START GIVEN MATERIAL

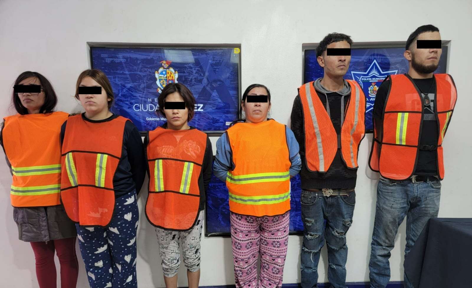 Ciudad Juárez -. Elementos de la Secretaría de Seguridad Pública Municipal, adscritos a la Estación de Policía del Distrito Oriente, lograron la detención de cuatro mujeres, dos hombres y un adolescente, por su presunta responsabilidad en el delito de secuestro, así como el rescate de seis niños y tres mujeres, durante una oportuna intervención policial.
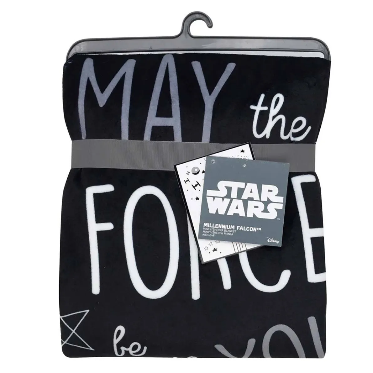 Your little padawan (Jedi in training) will love this officially licensed Millennium Falcon baby blanket. The large black Falcon is 23” in length and is featured in the center of this soft minky blanket. MAY THE FORCE BE WITH YOU is printed in gray and white along with Tie Fighters, the Death Star, stars, and the words Star Wars. The back of the blanket is a cozy white Sherpa. This makes the perfect stroller blanket sized at 30” X 40”. A top baby registry pick and favorite baby shower or welcome home baby gift.
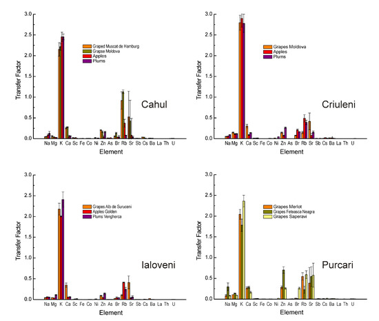- Zinicovscaia, I.; Sturza, R.; Gurmeza, I.; Vergel, K.; Gundorina, S.; Duca, G. Metal bioaccumulation in the soil–leaf–fruit system determined by neutron activation analysis. J. Food Meas. Charact. 2019, 13, 592–601. [Google Scholar] [CrossRef]

END GIVEN MATERIAL

**EXERCISE PROMPT:**
Copy out nothing but text: transcribe the listing exactly and skip each picture.

**ANSWER:**
 Ciudad Juárez -. Elementos de la Secretaría de Seguridad Pública Municipal, adscritos a la Estación de Policía del Distrito Oriente, lograron la detención de cuatro mujeres, dos hombres y un adolescente, por su presunta responsabilidad en el delito de secuestro, así como el rescate de seis niños y tres mujeres, durante una oportuna intervención policial.
 Your little padawan (Jedi in training) will love this officially licensed Millennium Falcon baby blanket. The large black Falcon is 23” in length and is featured in the center of this soft minky blanket. MAY THE FORCE BE WITH YOU is printed in gray and white along with Tie Fighters, the Death Star, stars, and the words Star Wars. The back of the blanket is a cozy white Sherpa. This makes the perfect stroller blanket sized at 30” X 40”. A top baby registry pick and favorite baby shower or welcome home baby gift.
- Zinicovscaia, I.; Sturza, R.; Gurmeza, I.; Vergel, K.; Gundorina, S.; Duca, G. Metal bioaccumulation in the soil–leaf–fruit system determined by neutron activation analysis. J. Food Meas. Charact. 2019, 13, 592–601. [Google Scholar] [CrossRef]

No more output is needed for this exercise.